Over in the road a roving hound squatted his gaunt shape, and lifting his muzzle up to the moon, howled long and piteously.

In the meantime Buddy Lutts had dodged along, avoiding the road until he reached a narrow plot of underbrush that separated him from the first row of frame houses. Here he lay and watched for a chance to proceed along the road. He could not see the road directly beneath him, but through an aperture he held a diagonal view of the highway for a distance of some fifty yards.

Like projections of a cinematograph, he saw the forms of men flitting past this moonlit gap, running toward town. But he could not distinguish the pursued from the pursuers. He also saw some horses gallop past with empty saddles. One of these derelicts stopped short, framed in the light of the gap, and turned to cropping at the roadside with reins dragging about his hoofs. Far behind him the noise of the conflict echoed back in desultory, straggling shots. These reports emanated also from a remote quarter of the tobacco field opposite where Buddy lay, and from the direction of the Courthouse.

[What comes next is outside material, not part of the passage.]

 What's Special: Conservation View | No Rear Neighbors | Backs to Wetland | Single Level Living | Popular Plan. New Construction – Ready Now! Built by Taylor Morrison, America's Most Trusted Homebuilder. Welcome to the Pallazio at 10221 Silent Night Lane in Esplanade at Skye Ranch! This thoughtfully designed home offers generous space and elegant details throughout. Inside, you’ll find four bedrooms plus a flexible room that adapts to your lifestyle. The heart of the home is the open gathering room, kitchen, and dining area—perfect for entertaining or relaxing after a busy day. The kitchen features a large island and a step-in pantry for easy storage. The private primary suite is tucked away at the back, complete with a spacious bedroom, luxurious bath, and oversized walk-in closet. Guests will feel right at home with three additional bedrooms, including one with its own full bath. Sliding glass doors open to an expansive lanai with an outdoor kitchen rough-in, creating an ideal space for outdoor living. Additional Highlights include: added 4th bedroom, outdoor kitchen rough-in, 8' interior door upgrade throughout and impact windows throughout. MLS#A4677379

The boy instinctively knew that the real battle was over; he knew that his people had crushed and annihilated the main body of the McGill forces in less than ten minutes, at the gate of the fated graveyard. He furthermore knew that the tail of this fight was backing toward the town, where it would quiver and stir, and would not die until sunrise. It had dwindled down to a "bush-whacking" contest. It was now a nocturnal game of hide-and-seek, with death lurking in the shadows and behind every object that offered refuge.

As the boy lay concealed, watching and listening with his rifle beside him, his untaught soul was profoundly exercised with the triumph of this victory. In truth, he would have been almost happy had he not been assailed with a sudden, acute apprehension concerning Hatfield. He had seen Johnse's horse tear up the road after Orlick, but he had not, as yet, seen any signs of Hatfield's returning. At the rate the two were going, he deemed it time for Johnse to be on his way back.

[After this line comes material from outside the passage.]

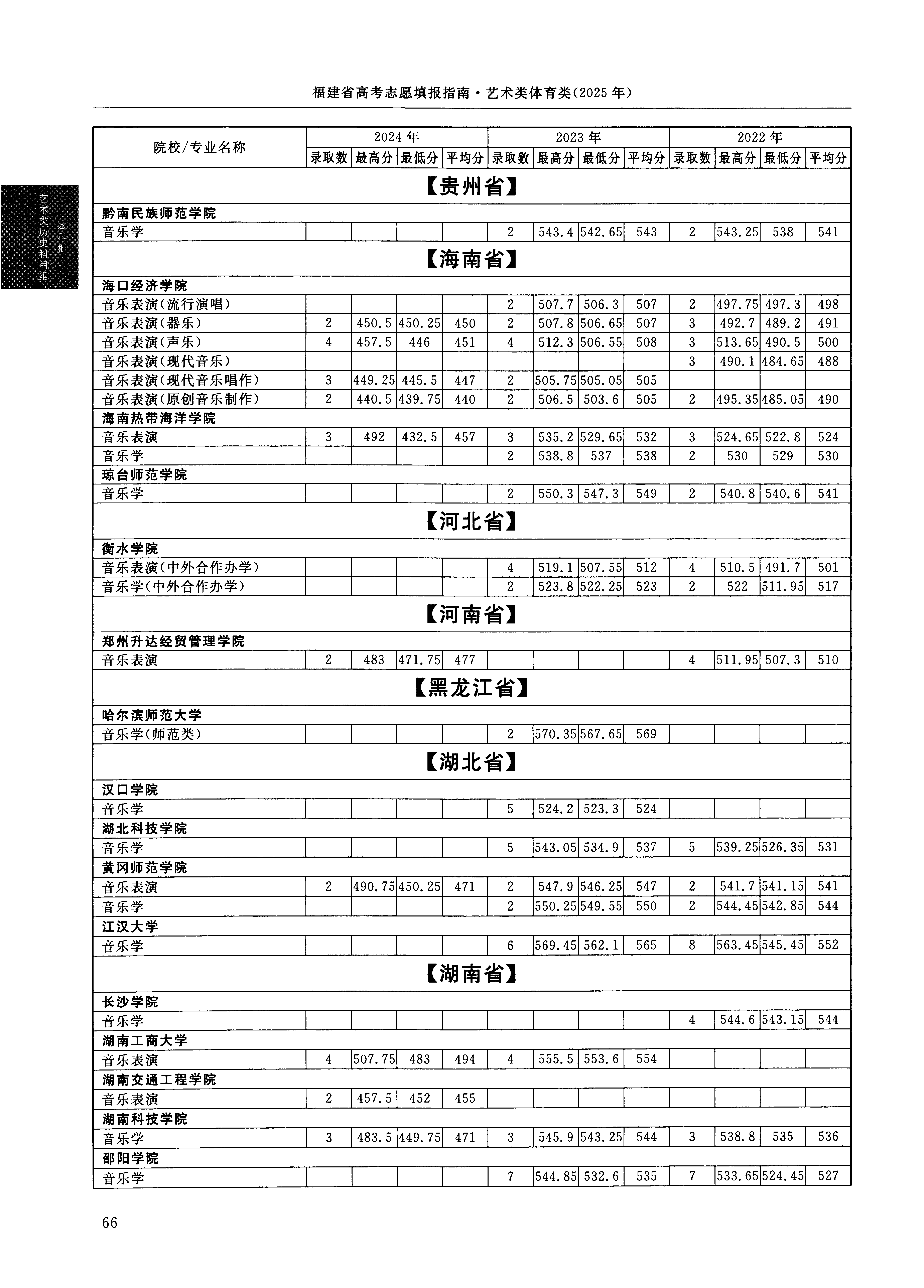 2024年福建高考艺术类本科省考批音乐类表演类 海口经济学院 的 音乐表演 专业录取分数溯源信息

Buddy debated as to whether he should continue on beneath the shadows of the trees which skirted the rear gardens and out-buildings of the frame houses just ahead. He was now deeply perturbed about Hatfield. After a minute's deliberation, he quickly arrived at a determination to face the dangers presented at every turn and push onward and look for Johnse.

With this quest firmly in mind, he reasoned that to pass behind the houses was, on that hand, taking a great risk. He knew that every house in Junction City was in darkness, barred and bolted, with shutters closed and blinds drawn, the inmates not daring so much as to peep out. But he did not know what these back yards held for him.

In hours of strife, mountaineers can never be found in their houses with the women, but they are often found near their homes, hiding out. Besides, Buddy knew that he could not mislead the sagacious senses of the ever-present hounds. Growing more anxious momentarily, he at length decided that it was less perilous to take the open road, where he could at least see around him, and rely upon the wayside shadows for protection.

To this end, the boy crept out of his concealment, making his way noiselessly down the slope through the brush tangle and saplings. He crept down to the corner of a house which had no enclosed front yard, and looked furtively up and down the street. The road was apparently clear now, save the vague outlines of a few wandering horses. Buddy slipped across the highway, to the vista of sable shadows that followed the rail fence and then, in a half-stooping posture, ran toward the main street as fast as his legs could propel him.

As he hastened along with his eyes furtively ahead, a sow jumped out from the thistles in a fence corner and gave Buddy an awful fright. He finally reached the Courthouse square, and hiding behind a wagon, cast his eyes around in every direction. The Courthouse doors and windows were open, and the building was plainly deserted. A sepulchral stillness pervaded the square, and there was no visible sign of the conflict which, the boy knew, was still smouldering, for the night wind still carried the muffled sounds of rifle-shots from the South, and from the distant end of the street westward.